How does 2015 compare with 2010? Spending is up by £68 billion or £1060 per person, tax is up by £122.7bn, or £1914 per person, and the deficit is down by £63 billion or just under £1000 per person.

All who wish to debate the UK economy and austerity should start by examining these figures. The official statistics show us that real public expenditure rose a bit under the Coalition. Over the last five years public spending has made a small positive contribution to economic growth and output. It has not reduced or slowed our economy as some have argued.Welfare spending has risen, despite a fall in unemployment, mainly owing to upratings of benefits.

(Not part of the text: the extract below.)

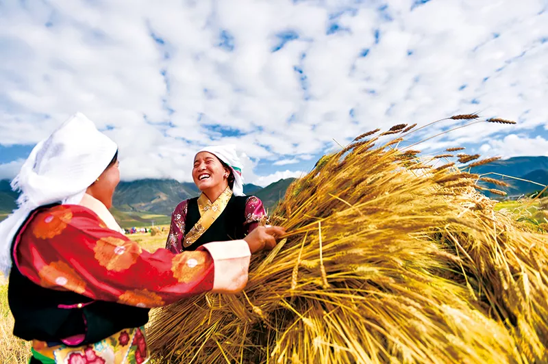 經(jīng)黨中央批準(zhǔn)、國務(wù)院批復(fù),自2018年起,將每年農(nóng)歷秋分設(shè)立為中國農(nóng)民豐收節(jié),這是第一個在國家層面為農(nóng)民設(shè)立的節(jié)日,進(jìn)一步彰顯了“三農(nóng)”工作重中之重的基礎(chǔ)地位。 圖為2018年9月23日,首個中國農(nóng)民豐收節(jié),拉薩市林周縣松盤鄉(xiāng)松盤村兩名藏族農(nóng)民在田間。 新華社記者 覺果/攝

The main tax rise has come from the increased rate of VAT and from increased transactions in the economy boosting VAT receipts more. Income tax revenue is only slightly up, as natural gains from more output have been reduced by taking 2.5 million people out of tax altogether and by the 50% rate in place for part of the period.Over the five years more than an extra £500 billion or £7800 per person was borrowed. It is difficult to believe the state could have borrowed much more without triggering higher interest rates and a loss of confidence in financial management.

St George’s day

Happy St George’s day. England awakes.
Just the day for a Manifesto for England. Which party or parties do you think will produce one?
The emphasis in this election on the issues of Scotland should make us ask what is on offer for England, on this day of all days.
The media decided to give the SNP star billing in the tv debates. The Scottish voters have decided to propel the SNP to new highs in the polls, making them of more interest to the commentators. The main parties left unfinished business from the last Parliament, to transfer new major powers to the Scottish Parliament from Westminster.
Only the Conservative party saw this also meant we have now to tackle the problem of England. Labour and the Lib Dems have contented themselves with saying they will look into it in the next Parliament. Their lack of enthusiasm for the task comes through in their limp and feeble proposals, and in their belief that somehow a bit more devolution to Councils can answer the problem. It most certainly cannot.
The minimum England needs is the same rights to settle matters for our country that Scotland will achieve through the new devolution Act planned for the first year of the new Parliament. In some cases it will be England, Wales and Northern Ireland deciding things, in other cases just England, depending on the degree of devolution elsewhere.
Today I repeat my campaign for EVEN – English votes for English needs. If Scotland decides her own Income Tax, so must England. If Scotland decides her own local government settlement – within the bloc totals – so must England settle hers. If Scotland can legislate for herself without England, then so should England be able to legislate for herself.
The UK is a country which believes in fairness. Today of all days we should seek fairness for England.